After introducing G-d as the Creator, and then the Revealer, the last blessing after the Shema goes on to talk about G-d the Redeemer. There is, though, one fundamental difference between the first two of these blessings and the third one. Creation has happened—we’re here. Revelation has happened—we have the Torah. Redemption….well, not so much. Sure, we were redeemed from Egypt, and that means that no matter what we might face in the future—and we have faced a lot in our future—we know with certainty that redemption has happened, and will happen again.

But when? As the years of exile accumulated, as horror after horror were experienced, the contrast between the glory of the redemptive promise and the reality of the unredeemed world had become increasingly painful. And this was accentuated by the contrast between the abject condition of the Jewish people and the declaration, in the Shema itself, that “the Lord is our G-d”. How could it be that G-d’s very own people were living in exile? This was a situation that was crying out for rectification.
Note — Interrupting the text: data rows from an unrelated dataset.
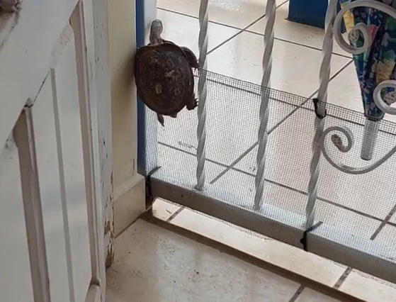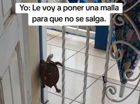 Alexa, la dueña del reptil, instaló la barrera creyendo que sería suficiente para mantenerla dentro. No obstante, la tortuga demostró tener más ingenio de lo esperado. En la sorprendente publicación se puede observar cómo usa sus patas traseras para impulsarse, escalando la malla y finalmente logrando cruzar la puerta con un salto impensado para muchos que piensan que esta especie es lenta y de poca movilidad.
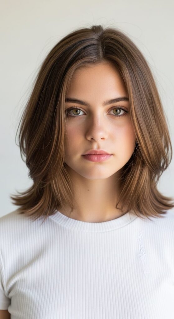 Subtle face-framing layers that create movement and make fine hair look fuller than it is. The layers catch light at different heights which adds the illusion of volume. Looks best with a round brush blowout — without heat it can go a little flat. Dry shampoo and mousse help a lot on easy days.
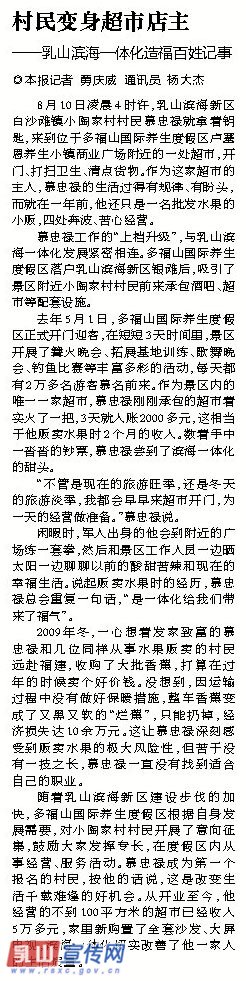 8月10日凌晨4时许,乳山滨海新区白沙滩镇小陶家村村民慕忠禄就拿着钥匙,来到位于多福山国际养生度假区卢塞恩养生小镇商业广场附近的一处超市,开门、打扫卫生、清点货物。作为这家超市的主人,慕忠禄的生活过得有规律、有盼头,而就在一年前,他还只是一名批发水果的小贩,四处奔波、苦心经营。

Hence the rabbis declared that the blessing of redemption should always be inseparable from the Amidah, the prayer in our liturgy. This is especially the case with the weekday Amidah, which contains in its central portion a full scale proto-Zionist programmatic outline of the glorious return to Jerusalem. But the same principle holds for our Shabbat prayers.

This serves to explain a common custom: when the shaliach tzibbur concludes the blessing of redemption with the words “ga’al yisrael”—“redeemer of Israel”—he or she will often lower their voice to the point where the last words become inaudible. That way, no one says “Amen,” which would cause the separation between the prayers that are meant to be inseparable.

If the custom of the shaliach tzibbur is not to lower their voice, then one can either say ga’al yisrael with them—and then you wouldn’t say amen, because you never say amen to your own blessing; or else one could begin the Amidah just before the shaliach tzibbur finishes ga’al yisrael—and you wouldn’t interrupt your Amidah to say amen to a blessing.

The bottom line is this: we should be dreaming about redemption every day, (at least) three times a day. Why? The story is told of Napoleon, who heard crying from a synagogue. When it was explained to him that it was tisha b’av, the anniversary of the destruction of the Temple, he said, “A people who can remember their land after nearly 2,000 years is sure to return to it.”